To conclude, time-series analyses and forecasts have guided potentially useful conclusions and recommendations to the pharmacy. Daily, weekly and annual seasonality analysis were proven useful for identifying the periods in which special sales and marketing campaigns could be implemented, except for N05B and N05C categories of drugs which did not exhibit significant regularities.
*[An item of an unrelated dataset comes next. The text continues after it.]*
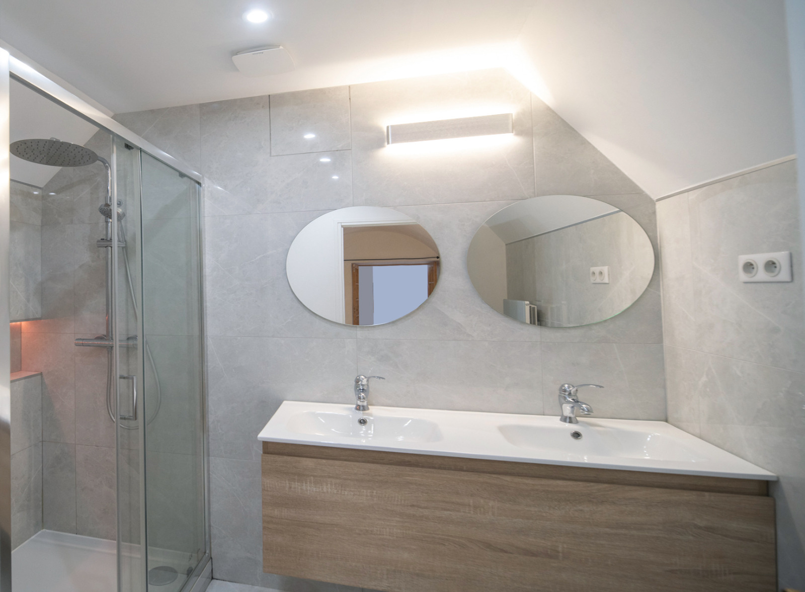 Il se compose d’un salon lumineux orienté sud-ouest, une chambre, une cuisine ouverte équipée, une salle de douche avec double vasques et un WC indépendant.

Forecasts have proven better than Naïve methods and in acceptable intervals for long-term planning. It is highly likely that the forecasts could be significantly improved by expanding the problem scope to multivariate time series forecasting and by including explanatory variables, such as:
- Weather data. Sales of antirheumatic drugs in M01AB and M01AE categories could be affected by the changes of atmospheric pressure. Sudden declines in all categories could be explained by extreme weather conditions, such as heavy rain, thunderstorms and blizzards.
- Price of the drugs. Sales spikes may be explained by the discounts, applied in a short term. Introducing this feature may facilitate what-if forecasting analysis of sales performance during marketing campaigns involving price reductions.
- Dates of the pension payoff. Sales spikes are visible at the dates of state pensions payoff.
- National holidays, as non-working days with seasonal patterns similar to Sundays are expected to disrupt daily sales.